Of all the entries below, retype only the lines from the one with "客户上传strace.sql" through the one with "A thin, metallic", exactly as they appear.

- _Dataset_:
--- START ---

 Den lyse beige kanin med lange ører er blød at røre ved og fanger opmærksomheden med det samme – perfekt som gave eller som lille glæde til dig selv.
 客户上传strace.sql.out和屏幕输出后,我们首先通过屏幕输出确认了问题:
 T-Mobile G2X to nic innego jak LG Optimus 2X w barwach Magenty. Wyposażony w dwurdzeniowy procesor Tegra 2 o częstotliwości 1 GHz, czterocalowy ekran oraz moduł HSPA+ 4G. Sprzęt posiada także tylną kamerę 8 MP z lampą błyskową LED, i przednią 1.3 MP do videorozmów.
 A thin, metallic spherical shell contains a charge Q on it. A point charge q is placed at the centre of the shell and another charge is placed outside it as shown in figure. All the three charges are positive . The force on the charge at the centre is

--- END ---
--- START ---

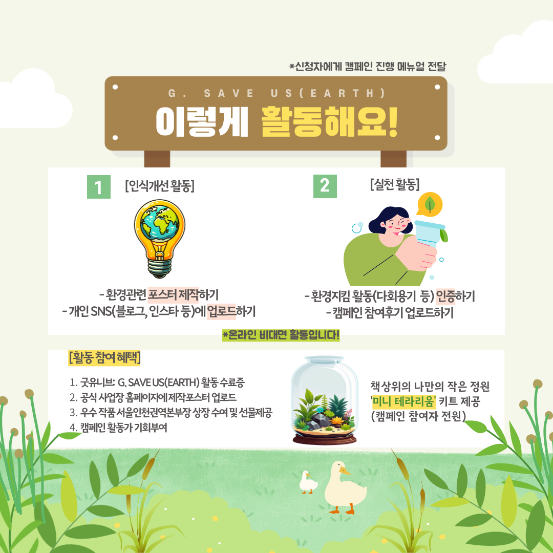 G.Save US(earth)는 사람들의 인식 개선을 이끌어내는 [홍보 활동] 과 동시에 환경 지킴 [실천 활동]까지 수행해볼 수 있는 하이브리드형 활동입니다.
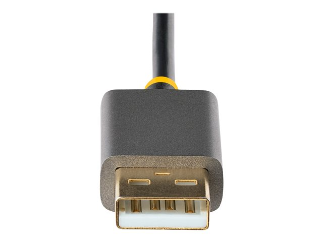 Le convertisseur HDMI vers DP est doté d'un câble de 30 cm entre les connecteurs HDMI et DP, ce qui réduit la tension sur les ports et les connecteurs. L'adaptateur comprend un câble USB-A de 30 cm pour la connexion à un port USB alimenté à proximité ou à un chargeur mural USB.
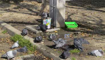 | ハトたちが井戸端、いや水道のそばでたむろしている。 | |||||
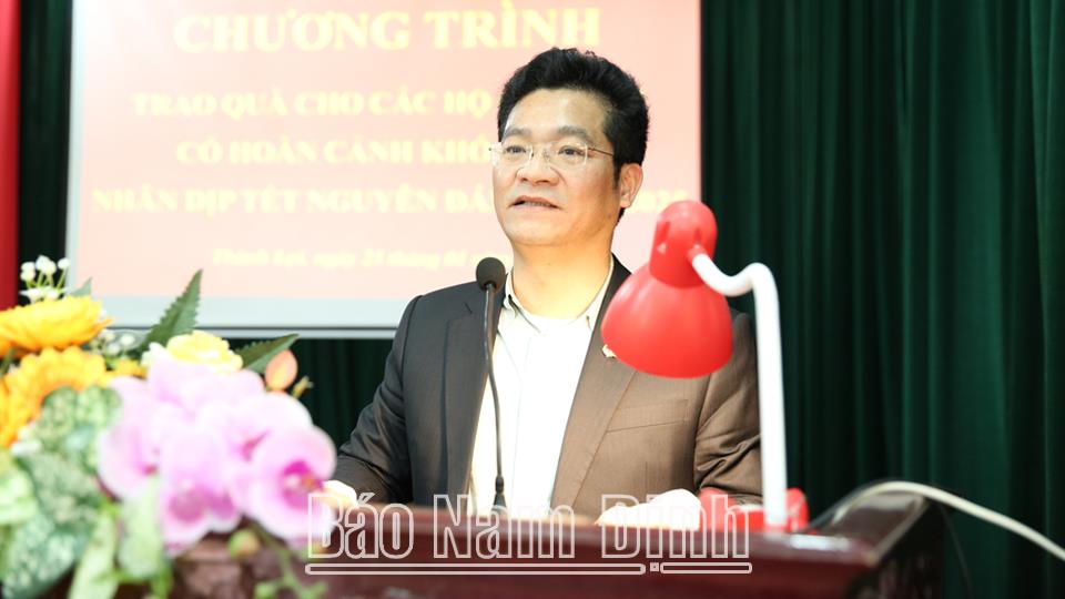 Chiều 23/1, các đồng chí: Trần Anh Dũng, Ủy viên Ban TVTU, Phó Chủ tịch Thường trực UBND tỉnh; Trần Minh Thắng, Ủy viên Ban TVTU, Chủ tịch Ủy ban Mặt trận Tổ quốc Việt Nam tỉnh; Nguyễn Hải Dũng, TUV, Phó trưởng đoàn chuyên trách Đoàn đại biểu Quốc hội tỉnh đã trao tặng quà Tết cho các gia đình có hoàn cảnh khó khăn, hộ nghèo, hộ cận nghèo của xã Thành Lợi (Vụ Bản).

--- END ---

- _Result of this exercise_:
 客户上传strace.sql.out和屏幕输出后,我们首先通过屏幕输出确认了问题:
 T-Mobile G2X to nic innego jak LG Optimus 2X w barwach Magenty. Wyposażony w dwurdzeniowy procesor Tegra 2 o częstotliwości 1 GHz, czterocalowy ekran oraz moduł HSPA+ 4G. Sprzęt posiada także tylną kamerę 8 MP z lampą błyskową LED, i przednią 1.3 MP do videorozmów.
 A thin, metallic spherical shell contains a charge Q on it. A point charge q is placed at the centre of the shell and another charge is placed outside it as shown in figure. All the three charges are positive . The force on the charge at the centre is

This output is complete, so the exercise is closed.